The finding that homogozygotes and heterozygotes for BPI (rs1341023) seem to be at increased risk of Gram-negative sepsis is surprising because other SNPs of the same gene seem to play a protective role. However, the possibility that different variations of a single gene involved in the regulation of human defences can lead to opposite results has been widely demonstrated [39].

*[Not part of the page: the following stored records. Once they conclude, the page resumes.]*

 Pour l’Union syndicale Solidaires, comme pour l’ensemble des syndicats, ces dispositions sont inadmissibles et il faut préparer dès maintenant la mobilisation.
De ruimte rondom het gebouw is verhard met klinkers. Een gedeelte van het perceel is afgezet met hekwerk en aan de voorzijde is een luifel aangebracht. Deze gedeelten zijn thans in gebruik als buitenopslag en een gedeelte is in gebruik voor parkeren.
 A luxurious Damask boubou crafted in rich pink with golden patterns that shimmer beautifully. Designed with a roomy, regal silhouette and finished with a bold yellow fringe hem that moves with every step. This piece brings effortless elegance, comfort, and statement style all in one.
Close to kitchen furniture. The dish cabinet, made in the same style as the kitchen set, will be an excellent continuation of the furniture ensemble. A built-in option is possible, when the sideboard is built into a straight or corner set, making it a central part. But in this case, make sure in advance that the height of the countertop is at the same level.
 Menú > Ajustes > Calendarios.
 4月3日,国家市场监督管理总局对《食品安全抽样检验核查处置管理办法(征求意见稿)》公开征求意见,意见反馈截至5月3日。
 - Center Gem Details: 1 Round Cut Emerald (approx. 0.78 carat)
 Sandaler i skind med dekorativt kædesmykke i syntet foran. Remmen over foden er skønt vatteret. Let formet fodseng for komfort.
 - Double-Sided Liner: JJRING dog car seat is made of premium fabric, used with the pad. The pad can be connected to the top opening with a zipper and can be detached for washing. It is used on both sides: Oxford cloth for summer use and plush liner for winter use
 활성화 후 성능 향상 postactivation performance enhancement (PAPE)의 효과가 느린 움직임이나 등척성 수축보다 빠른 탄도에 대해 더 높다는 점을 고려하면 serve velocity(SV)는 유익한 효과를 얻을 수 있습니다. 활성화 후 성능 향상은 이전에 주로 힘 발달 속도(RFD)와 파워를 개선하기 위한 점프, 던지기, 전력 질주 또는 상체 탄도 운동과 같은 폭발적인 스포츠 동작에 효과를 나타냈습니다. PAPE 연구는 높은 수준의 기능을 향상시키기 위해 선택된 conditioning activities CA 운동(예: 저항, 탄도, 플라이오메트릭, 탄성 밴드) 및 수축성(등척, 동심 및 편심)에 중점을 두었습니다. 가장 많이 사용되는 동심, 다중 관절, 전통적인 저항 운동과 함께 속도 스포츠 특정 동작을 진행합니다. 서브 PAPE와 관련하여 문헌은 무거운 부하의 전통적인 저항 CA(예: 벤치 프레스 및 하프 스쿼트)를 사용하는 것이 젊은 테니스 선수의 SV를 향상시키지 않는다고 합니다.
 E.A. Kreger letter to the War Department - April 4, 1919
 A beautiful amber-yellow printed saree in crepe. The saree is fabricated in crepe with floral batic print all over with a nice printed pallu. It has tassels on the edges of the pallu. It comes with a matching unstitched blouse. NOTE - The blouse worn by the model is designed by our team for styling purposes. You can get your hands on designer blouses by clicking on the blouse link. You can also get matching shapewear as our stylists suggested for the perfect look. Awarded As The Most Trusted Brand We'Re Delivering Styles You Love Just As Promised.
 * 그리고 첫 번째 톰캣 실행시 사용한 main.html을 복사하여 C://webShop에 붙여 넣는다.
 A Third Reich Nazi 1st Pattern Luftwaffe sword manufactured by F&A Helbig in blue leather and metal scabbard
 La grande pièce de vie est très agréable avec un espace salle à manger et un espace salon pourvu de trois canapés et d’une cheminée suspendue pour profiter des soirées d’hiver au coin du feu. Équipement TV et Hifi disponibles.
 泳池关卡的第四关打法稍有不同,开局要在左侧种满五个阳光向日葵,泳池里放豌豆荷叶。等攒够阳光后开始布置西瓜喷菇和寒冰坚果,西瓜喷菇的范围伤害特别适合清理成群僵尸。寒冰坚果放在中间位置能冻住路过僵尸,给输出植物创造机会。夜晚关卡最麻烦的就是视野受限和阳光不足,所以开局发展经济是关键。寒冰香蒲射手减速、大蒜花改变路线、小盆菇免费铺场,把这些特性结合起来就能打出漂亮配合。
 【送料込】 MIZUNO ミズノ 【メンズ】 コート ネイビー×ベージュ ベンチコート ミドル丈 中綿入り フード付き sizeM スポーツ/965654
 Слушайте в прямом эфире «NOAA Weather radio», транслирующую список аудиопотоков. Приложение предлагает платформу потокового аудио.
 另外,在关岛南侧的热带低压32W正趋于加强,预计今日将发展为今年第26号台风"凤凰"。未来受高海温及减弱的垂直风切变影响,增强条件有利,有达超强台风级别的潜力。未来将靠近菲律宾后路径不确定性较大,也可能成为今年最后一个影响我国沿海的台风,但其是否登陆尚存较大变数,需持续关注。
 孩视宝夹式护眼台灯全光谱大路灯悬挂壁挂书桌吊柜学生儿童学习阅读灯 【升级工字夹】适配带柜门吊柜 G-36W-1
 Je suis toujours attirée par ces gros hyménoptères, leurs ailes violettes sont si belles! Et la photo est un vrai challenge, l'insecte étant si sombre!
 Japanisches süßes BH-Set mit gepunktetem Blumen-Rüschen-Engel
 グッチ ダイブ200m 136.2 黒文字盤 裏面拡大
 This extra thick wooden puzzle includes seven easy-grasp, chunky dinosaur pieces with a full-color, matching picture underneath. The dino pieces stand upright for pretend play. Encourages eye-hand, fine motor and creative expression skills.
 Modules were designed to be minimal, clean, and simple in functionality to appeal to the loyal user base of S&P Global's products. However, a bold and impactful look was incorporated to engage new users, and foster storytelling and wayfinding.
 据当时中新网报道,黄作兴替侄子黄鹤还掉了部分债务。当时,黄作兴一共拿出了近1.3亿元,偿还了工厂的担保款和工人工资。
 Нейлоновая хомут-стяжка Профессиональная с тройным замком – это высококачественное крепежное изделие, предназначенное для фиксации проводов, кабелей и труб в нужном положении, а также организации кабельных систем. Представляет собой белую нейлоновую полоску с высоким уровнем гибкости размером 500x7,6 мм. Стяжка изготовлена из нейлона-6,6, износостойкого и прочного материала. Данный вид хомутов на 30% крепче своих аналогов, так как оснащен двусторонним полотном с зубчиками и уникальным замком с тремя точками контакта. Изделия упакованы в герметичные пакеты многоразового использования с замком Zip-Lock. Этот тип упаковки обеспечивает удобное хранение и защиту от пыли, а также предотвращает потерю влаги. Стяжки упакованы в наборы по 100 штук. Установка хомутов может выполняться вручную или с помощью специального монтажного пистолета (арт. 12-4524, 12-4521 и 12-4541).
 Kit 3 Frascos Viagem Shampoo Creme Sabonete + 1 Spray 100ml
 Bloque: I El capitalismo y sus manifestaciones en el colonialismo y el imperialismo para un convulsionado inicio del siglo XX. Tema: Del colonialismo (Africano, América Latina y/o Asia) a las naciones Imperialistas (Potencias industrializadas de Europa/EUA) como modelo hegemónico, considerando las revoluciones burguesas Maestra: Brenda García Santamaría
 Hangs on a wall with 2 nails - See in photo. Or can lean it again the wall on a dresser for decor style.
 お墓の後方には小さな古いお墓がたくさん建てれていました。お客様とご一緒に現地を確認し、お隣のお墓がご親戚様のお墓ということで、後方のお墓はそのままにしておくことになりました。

In conclusion, this study confirms that genetic variability seems to play a role in susceptibility to, and the severity of neonatal sepsis, as well as in the risk of sepsis due to specific pathogens. However, as frequently occurs in the case of genetic studies of the associations between SNPs and clinical phenotypes, the results often conflict with previously reported. The main limitations of such investigations are the small sample sizes, the lack of simultaneous evaluations of other possibly unknown SNPs that could influence the final results, and the characteristics of the control group. However, our findings highlight the potential role of various SNPs, whose importance needs to be confirmed by further studies that should also evaluate the consequences of mutations on gene expression. If confirmed, the new finding regarding MMP-16 gene could significantly contribute to a better understanding of premature infants' defences against bacterial invasion and aid the development of more effective therapeutic measures. Preliminary data suggest that targeting MMPs may be beneficial in infectious disease, particularly the administration of direct inhibitors in order to regulate enzyme activity and target the signalling pathways that up-regulate MMP expression [45], [46].